Re: I18N-ISSUE-246: Clarify character encoding behavior when calculating storage size [ITS-20] from Yves Savourel on 2013-02-21 (www-international@w3.org from January to March 2013)

From: Yves Savourel <ysavourel@enlaso.com>
Date: Thu, 21 Feb 2013 09:58:49 -0700
To: <public-multilingualweb-lt-comments@w3.org>
CC: "'www-international'" <www-international@w3.org>
Message-ID: <002501ce1054$b8f9a9b0$2aecfd10$@com>

Hi Norbert,

Related to:
http://lists.w3.org/Archives/Public/public-multilingualweb-lt-comments/2013Feb/0028.html

> I don't see in your messages any justification why the standard should 
> not require at least support for UTF-8, and why it should not specify 
> error handling for commonly occurring situations. Can you please explain?
> If an application can't rely on any encoding being supported, can't 
> find out whether a requested encoding is supported, and can't rely 
> on unsupported characters being handled in some reasonable way, 
> then using this data category seems quite risky.
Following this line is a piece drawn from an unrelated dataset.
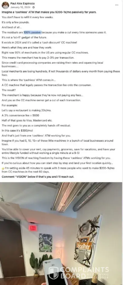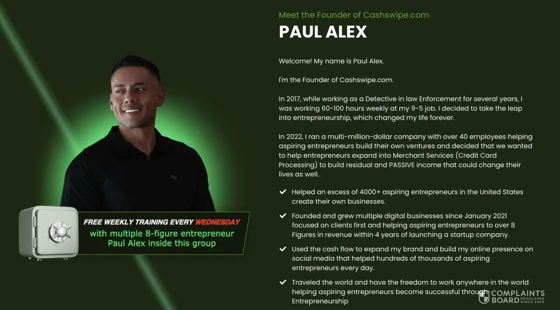 Paul Alex Espinoza (@paulalex, Founder of Cash Swipe), his sales team, and his partners at Paybotx knowingly scam many out of tens of thousands of dollars to this day, selling an elaborate "done-for-you", "100% passive" income business opportunity since 2023. They have systematically deceived people of expected results, incentivized positive review...

The original comments were:

> Several aspects of the interpretation of the character encoding 
> given as storageEncoding need to be clarified:
> - Which character encodings is an implementation required to support? 
> Support for UTF-8 must be mandatory.
> - What's the required behavior if storageEncoding specifies a character
> encoding that the implementation doesn't support?
> - What's the required behavior if the selected nodes contain characters 
> that the specified character encoding cannot represent?

I'm not sure why support for UTF-8 would be mandatory (I'm not against, but just asking why).
The encoding is the one used in the store where the data resides and can be anything (resource file, database, etc.), not necessarily some XML-based system. What would be the rational to force support for an arbitrary encoding?.

One can imagine a user having the data stored in Latin-1, the data extracted to some XML export format (in UTF-8) where the storage size encoding would be set to iso-8859-1 and his checking tool supporting only that encoding. Why would such user have to implement support for UTF-8 if he doesn't use it?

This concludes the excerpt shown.